* [Required work]: Output the data below exactly, without images.

* [Source data]:
◆ ◆ ◆ ◆ ◆ ◆ ◆

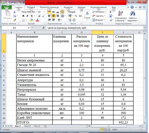 Списки позволяют эффективно работать с большими упорядоченными наборами данных, имеющих одинаковую структуру. Например, основу экзаменационной ведомости составляет список группы, списком является телефонный справочник, в котором в большом количестве строк приведены фамилии абонентов и номера их телефонов. Каждый элемент списка занимает одну строку, в которой данные распределяются по нескольким полям (столбцам). В табличном процессоре имеются операции для их обработки (сортировка, фильтрация). В первой строке списка обычно помещаются названия полей. Эта строка может использоваться в качестве строки заголовков списка, при этом операции фильтрации и сортировки данных к заголовку не применяются. При выполнении операций автоматической фильтрации и сортировки программа самостоятельно пытается определить диапазон данных, который может использоваться в качестве списка. Поэтому каждый новый список желательно создавать на отдельном рабочем листе. При необходимости, фильтрация и сортировка может осуществляться в пределах выделенной (указанной) части диапазона. Диалоговое окно Сортировка данных открывается командой меню ДАННЫЕ ► СОРТИРОВКА. В окне указываются поля, по значениям которых следует упорядочить записи (например, сначала по фамилии, затем по имени), и направление сортировки (по возрастанию или по убыванию). Для автоматической фильтрации данных следует выделить заголовки списка и выполнить команду меню ДАННЫЕ ► ФИЛЬТР ► АВТОФИЛЬТР. После этого в таблице рядом с названиями полей появятся пиктограммы со стрелками – раскрывающиеся списки. Щелчок по одной из этих стрелок выводит меню с перечнем значений данного поля. Выбор какого-либо пункта из этого перечня задаёт условие отбора. После чего в списке отобразятся только те строки (записи), у которых значение данного поля совпадает с выбранным значением, т.е. произойдет фильтрация данных. При этом пиктограмма со стрелкой будет изображена другим цветом или знаком. Если необходимо вернуться к полному списку, то нужно выбрать опцию ВСЕ в перечне значений поля, по которому выполнялась фильтрация. Здесь же есть опция УСЛОВИЕ, позволяющая задать числовое условие фильтрации. Например, выбрать все записи, значение поля у которых больше заданного, и т.п. Отключение фильтра выполняется той же командой меню, что и включение. Расширенный фильтр позволяет задавать диапазон фильтрации, указывать диапазон условий отбора и копировать полученные результаты в новое место. На рисунке 7.1 приведен пример электронной таблицы, созданной при помощи Microsoft Office Excel. В ячейках Е4¸Е19 рассчитывается стоимость материалов на 100 пар обуви путем умножения данных в ячейках С4¸С19 на данные в ячейках D4¸D19. В ячейках Е4¸Е19 записаны формулы: Е4*D4, Е5*D5, … Е19*D19 хотя на экране дается уже результат вычисления. В ячейке Е20 вычисляется итог путем суммирования данных в ячейках Е4¸Е19. В ячейке записана формула суммы. После того, как таблица готова, можно менять в ней данные, а произведения и сумма будет рассчитываться, и изменяться автоматически.
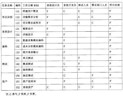 表2 成本软件管理项目工作责任分配矩阵表
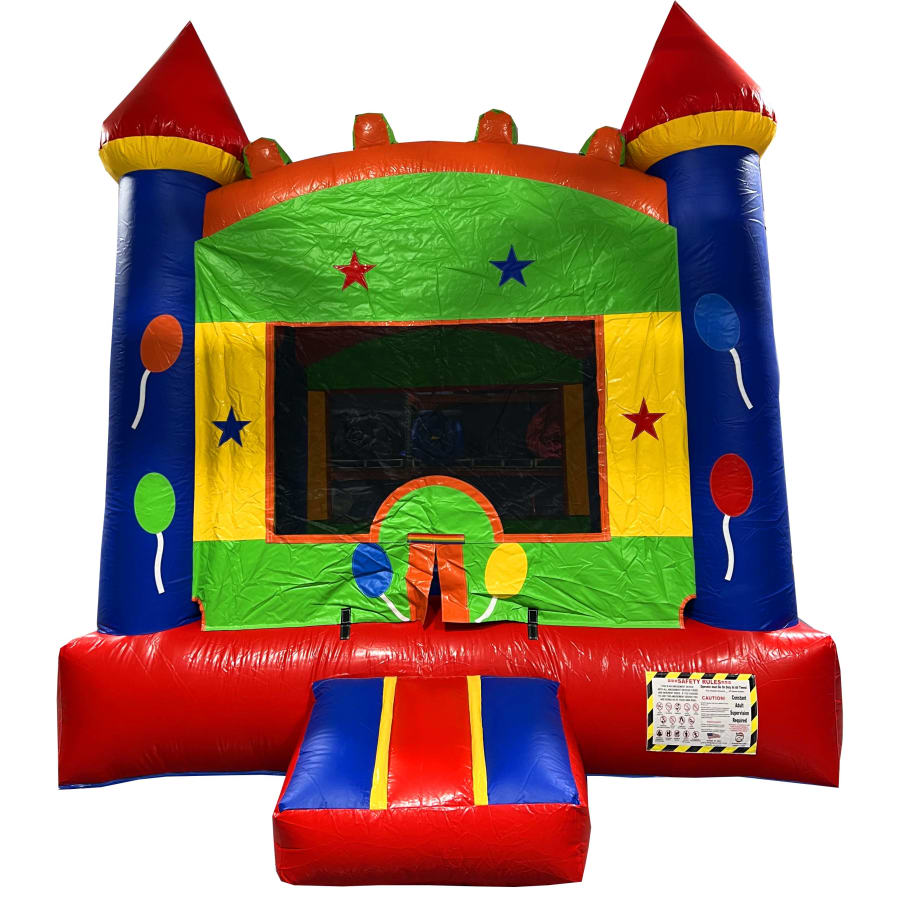This colorful stars with balloons castle bouncy house is a sanitized, affordable moonwalk that has hours of fun for kids and adults. Its greats for all ages, that can hold up to 12 kids at a time and fits any theme perfect for any event like birthday parties, school and church events and more. This colored castle is very popular so take advantage and rent this amazing inflatable today!

◆ ◆ ◆ ◆ ◆ ◆ ◆

* [Response to the task]:
 Списки позволяют эффективно работать с большими упорядоченными наборами данных, имеющих одинаковую структуру. Например, основу экзаменационной ведомости составляет список группы, списком является телефонный справочник, в котором в большом количестве строк приведены фамилии абонентов и номера их телефонов. Каждый элемент списка занимает одну строку, в которой данные распределяются по нескольким полям (столбцам). В табличном процессоре имеются операции для их обработки (сортировка, фильтрация). В первой строке списка обычно помещаются названия полей. Эта строка может использоваться в качестве строки заголовков списка, при этом операции фильтрации и сортировки данных к заголовку не применяются. При выполнении операций автоматической фильтрации и сортировки программа самостоятельно пытается определить диапазон данных, который может использоваться в качестве списка. Поэтому каждый новый список желательно создавать на отдельном рабочем листе. При необходимости, фильтрация и сортировка может осуществляться в пределах выделенной (указанной) части диапазона. Диалоговое окно Сортировка данных открывается командой меню ДАННЫЕ ► СОРТИРОВКА. В окне указываются поля, по значениям которых следует упорядочить записи (например, сначала по фамилии, затем по имени), и направление сортировки (по возрастанию или по убыванию). Для автоматической фильтрации данных следует выделить заголовки списка и выполнить команду меню ДАННЫЕ ► ФИЛЬТР ► АВТОФИЛЬТР. После этого в таблице рядом с названиями полей появятся пиктограммы со стрелками – раскрывающиеся списки. Щелчок по одной из этих стрелок выводит меню с перечнем значений данного поля. Выбор какого-либо пункта из этого перечня задаёт условие отбора. После чего в списке отобразятся только те строки (записи), у которых значение данного поля совпадает с выбранным значением, т.е. произойдет фильтрация данных. При этом пиктограмма со стрелкой будет изображена другим цветом или знаком. Если необходимо вернуться к полному списку, то нужно выбрать опцию ВСЕ в перечне значений поля, по которому выполнялась фильтрация. Здесь же есть опция УСЛОВИЕ, позволяющая задать числовое условие фильтрации. Например, выбрать все записи, значение поля у которых больше заданного, и т.п. Отключение фильтра выполняется той же командой меню, что и включение. Расширенный фильтр позволяет задавать диапазон фильтрации, указывать диапазон условий отбора и копировать полученные результаты в новое место. На рисунке 7.1 приведен пример электронной таблицы, созданной при помощи Microsoft Office Excel. В ячейках Е4¸Е19 рассчитывается стоимость материалов на 100 пар обуви путем умножения данных в ячейках С4¸С19 на данные в ячейках D4¸D19. В ячейках Е4¸Е19 записаны формулы: Е4*D4, Е5*D5, … Е19*D19 хотя на экране дается уже результат вычисления. В ячейке Е20 вычисляется итог путем суммирования данных в ячейках Е4¸Е19. В ячейке записана формула суммы. После того, как таблица готова, можно менять в ней данные, а произведения и сумма будет рассчитываться, и изменяться автоматически.
 表2 成本软件管理项目工作责任分配矩阵表
This colorful stars with balloons castle bouncy house is a sanitized, affordable moonwalk that has hours of fun for kids and adults. Its greats for all ages, that can hold up to 12 kids at a time and fits any theme perfect for any event like birthday parties, school and church events and more. This colored castle is very popular so take advantage and rent this amazing inflatable today!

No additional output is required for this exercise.